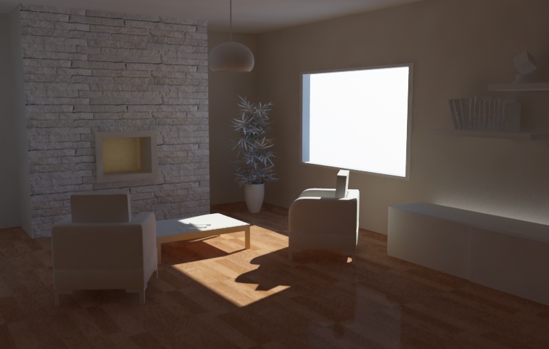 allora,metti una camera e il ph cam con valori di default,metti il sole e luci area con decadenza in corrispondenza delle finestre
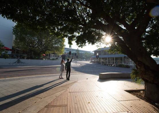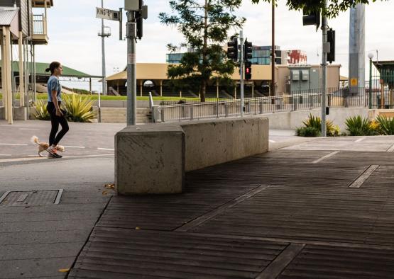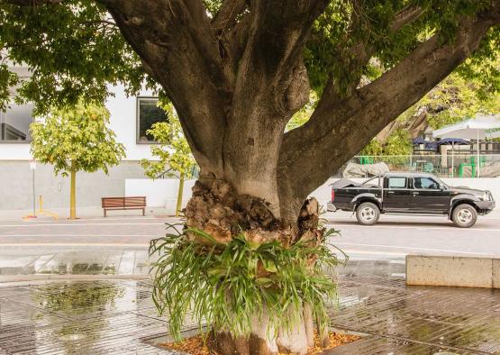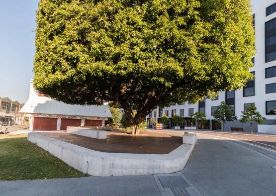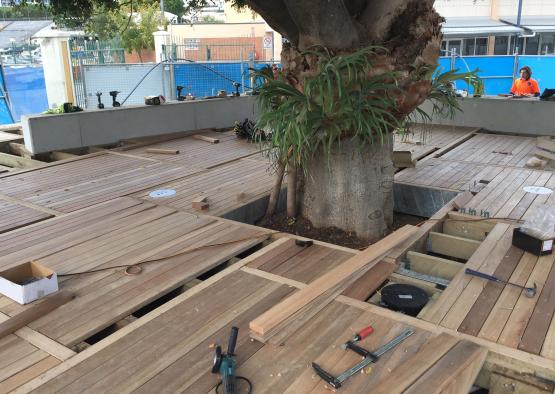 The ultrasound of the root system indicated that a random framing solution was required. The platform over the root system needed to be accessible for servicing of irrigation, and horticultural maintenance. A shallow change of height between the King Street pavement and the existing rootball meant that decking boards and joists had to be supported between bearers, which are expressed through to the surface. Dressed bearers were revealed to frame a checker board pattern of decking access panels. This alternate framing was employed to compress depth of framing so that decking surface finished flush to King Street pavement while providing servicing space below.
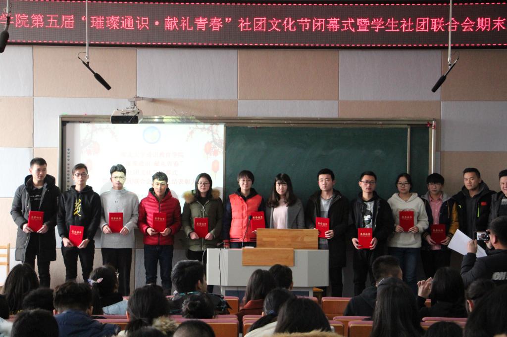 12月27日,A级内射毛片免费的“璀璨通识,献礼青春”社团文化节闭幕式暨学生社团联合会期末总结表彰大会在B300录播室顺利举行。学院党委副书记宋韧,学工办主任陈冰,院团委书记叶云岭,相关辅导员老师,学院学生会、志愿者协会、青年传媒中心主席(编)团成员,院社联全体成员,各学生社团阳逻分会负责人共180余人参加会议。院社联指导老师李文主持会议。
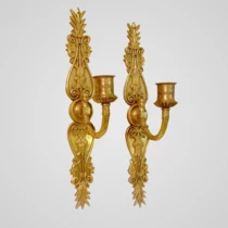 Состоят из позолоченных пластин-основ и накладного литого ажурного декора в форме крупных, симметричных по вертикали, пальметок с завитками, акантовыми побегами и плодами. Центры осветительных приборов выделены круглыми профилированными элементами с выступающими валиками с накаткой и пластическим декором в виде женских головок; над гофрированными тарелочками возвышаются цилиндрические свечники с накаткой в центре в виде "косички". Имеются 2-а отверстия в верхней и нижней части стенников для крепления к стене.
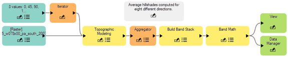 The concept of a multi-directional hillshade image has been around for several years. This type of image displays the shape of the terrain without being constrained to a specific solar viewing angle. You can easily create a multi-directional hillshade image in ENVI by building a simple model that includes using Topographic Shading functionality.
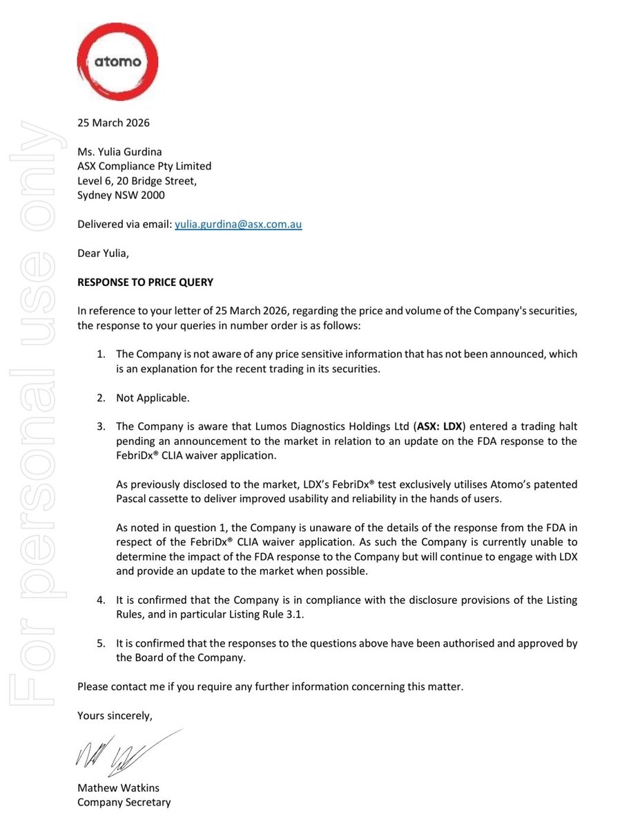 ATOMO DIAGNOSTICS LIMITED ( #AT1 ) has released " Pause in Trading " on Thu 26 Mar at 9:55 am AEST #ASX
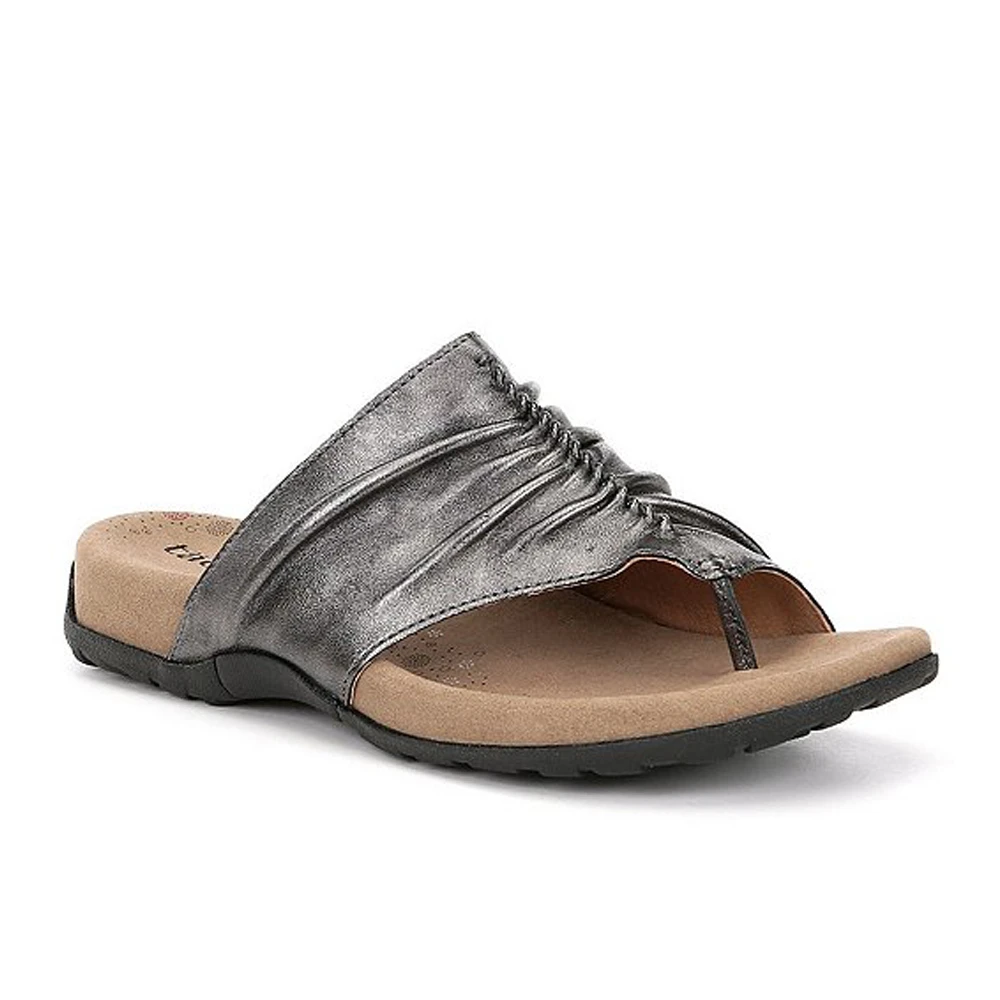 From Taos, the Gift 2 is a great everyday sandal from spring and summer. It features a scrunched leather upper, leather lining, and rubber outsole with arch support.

◇ ◇ ◇ ◇ ◇ ◇ ◇

WHAT THIS TASK INVOLVES - Everything above from the line containing "The ultrasound of" through the line containing "12月27日,A级内射毛片免" must be repeated exactly, and the pictures must be left out.

EXERCISE SOLUTION -
 The ultrasound of the root system indicated that a random framing solution was required. The platform over the root system needed to be accessible for servicing of irrigation, and horticultural maintenance. A shallow change of height between the King Street pavement and the existing rootball meant that decking boards and joists had to be supported between bearers, which are expressed through to the surface. Dressed bearers were revealed to frame a checker board pattern of decking access panels. This alternate framing was employed to compress depth of framing so that decking surface finished flush to King Street pavement while providing servicing space below.
 12月27日,A级内射毛片免费的“璀璨通识,献礼青春”社团文化节闭幕式暨学生社团联合会期末总结表彰大会在B300录播室顺利举行。学院党委副书记宋韧,学工办主任陈冰,院团委书记叶云岭,相关辅导员老师,学院学生会、志愿者协会、青年传媒中心主席(编)团成员,院社联全体成员,各学生社团阳逻分会负责人共180余人参加会议。院社联指导老师李文主持会议。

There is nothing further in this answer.